Does any of this apply to you?

  • ☐ I chair these meetings (chairs are routinely interrupted by design)
  • ☐ I'm a new or L2 speaker of the meeting's language
  • ☐ I prefer to listen rather than speak
  • ☐ These meetings have a structure where I don't usually speak

If you want to take action

  • 労働局 総合労働相談コーナー — free, confidential labor consultation (Japan)
  • 法テラス — legal aid (Japan)
  • Enable evidence vault — retain encrypted snippets only you can decrypt

13Summary for the partner

  1. What kind of product this is.
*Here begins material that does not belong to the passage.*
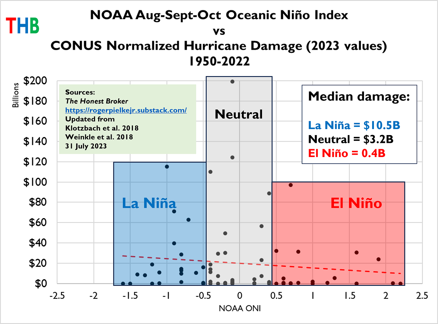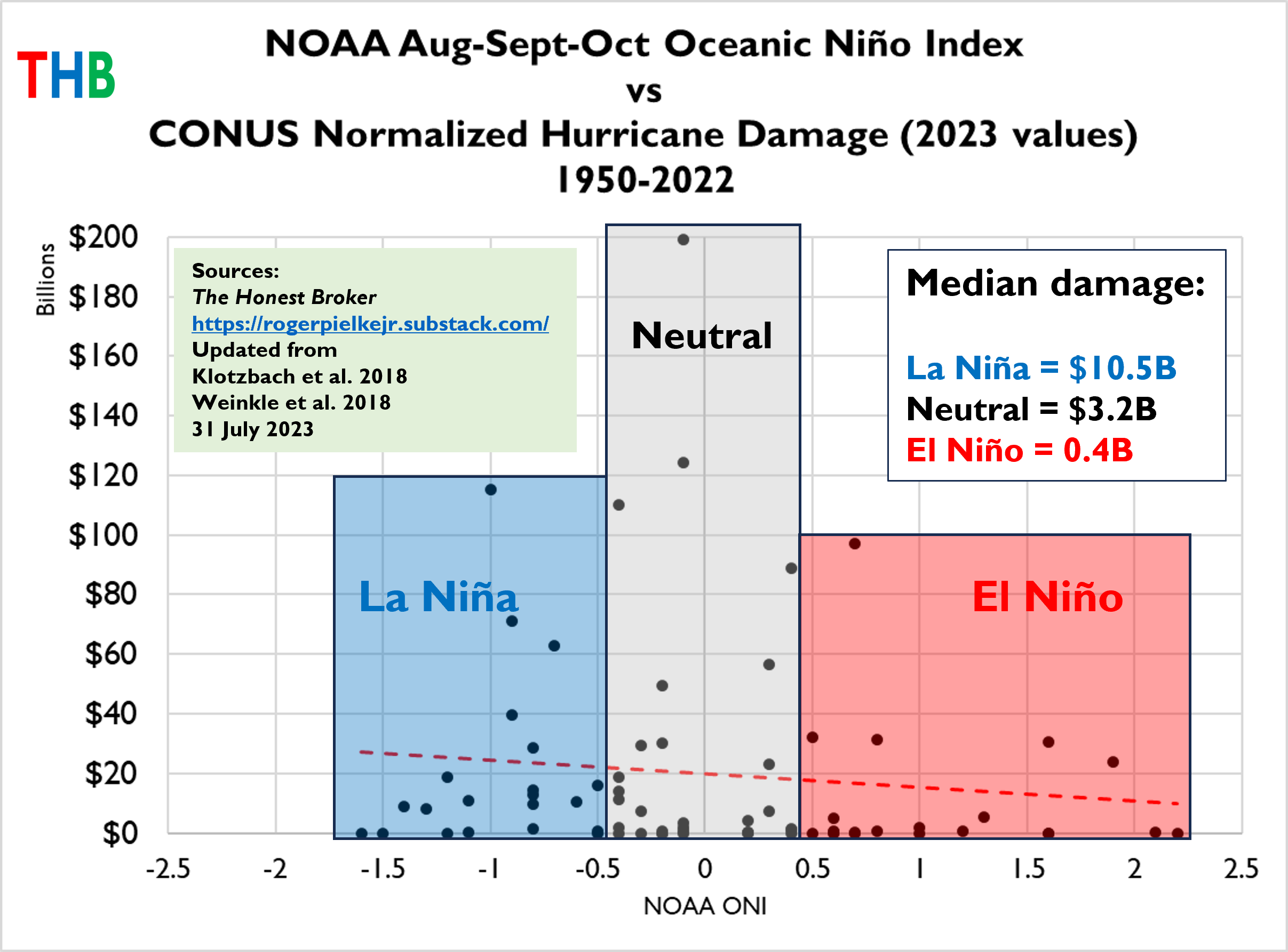 While there is a lot of scatter, there are also some strong signals. For instance, of the 21 El Niño years, 6 (~29%) saw no damage and 13 (~62%) saw < $1 billion. In contrast, the 21 La Niña years saw 3 with no damage (~14%) and only 6 (~29%) with <$1 billion.
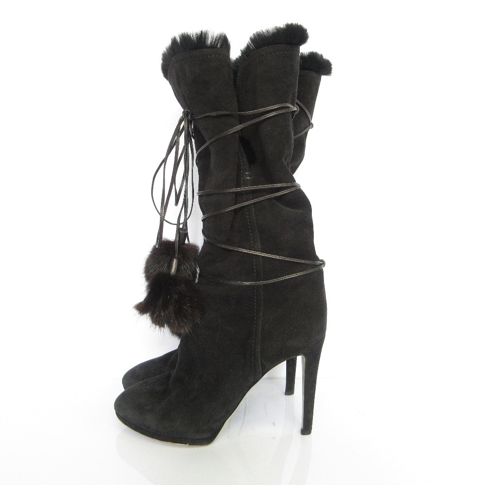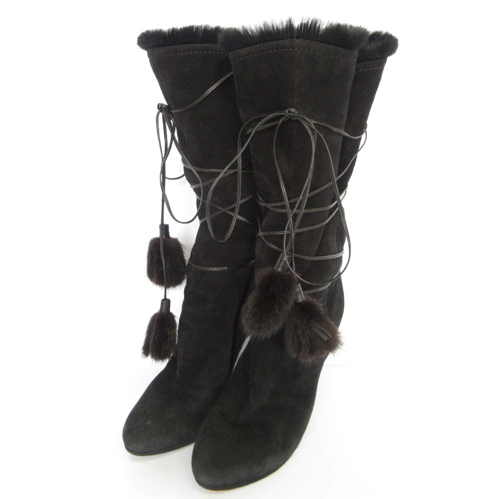 商品名:SERGIO ROSSI セルジオロッシ スエード ハイヒール レースアップ ロングブーツ 37 24cm ブラック

Privacy-bounded meeting governance — not a classifier, not surveillance. A bounded governance instrument (for sponsor contexts) that helps organizations surface the labor-cost patterns they couldn't see before, under strict procedural limits.
  2. Who it's for. CEO of a 50–500 person JP company. Not HR — HR doesn't feel the ¥7.9M-per-case bill. The CEO does.
  3. What it measures. 6 structural detectors (interruption, chilling, Gini, unanswered question, ignored turn, agreement asymmetry) + 2 cross-meeting wrappers. All deterministic. All calibrated to the speaker's own 90-day baseline.
  4. What it refuses to measure. Content, affect, voice stress, facial expression, keystrokes, screen, browsing. The "Kashi will not do" list is 12 items and growing.
  5. What's shipped. 7 routes live, 7 detectors available (3 structural default + 4 text-informed tenant-opt-in), eval 3/3 on the 8-meeting seed set with zero false positives on control. Real auth, real multi-tenant schema with RLS, English-default UI.
  6. What's next. Victim-explainer page (research-grounded observational-language narrative), victim-owned E2E evidence vault (employer stores ciphertext the server does not hold the key for), explicit refusal of the company-wide health bar.
  7. How we know we're right. Simulation on your 3 test meetings: healthy → 0 alerts (control works), slightly dangerous → borderline structural (proves v2 features are needed), absolutely dysfunctional → 82% interruption concentration detected cleanly. Three different climate states, three different detector responses, no false positives.
We are not the first to notice this problem. We are the first to ship a structurally-sound, legally-defensible, culturally-appropriate instrument for seeing it early — without crossing any of the lines that sank Productivity Score, Archaic, or FRONTEO.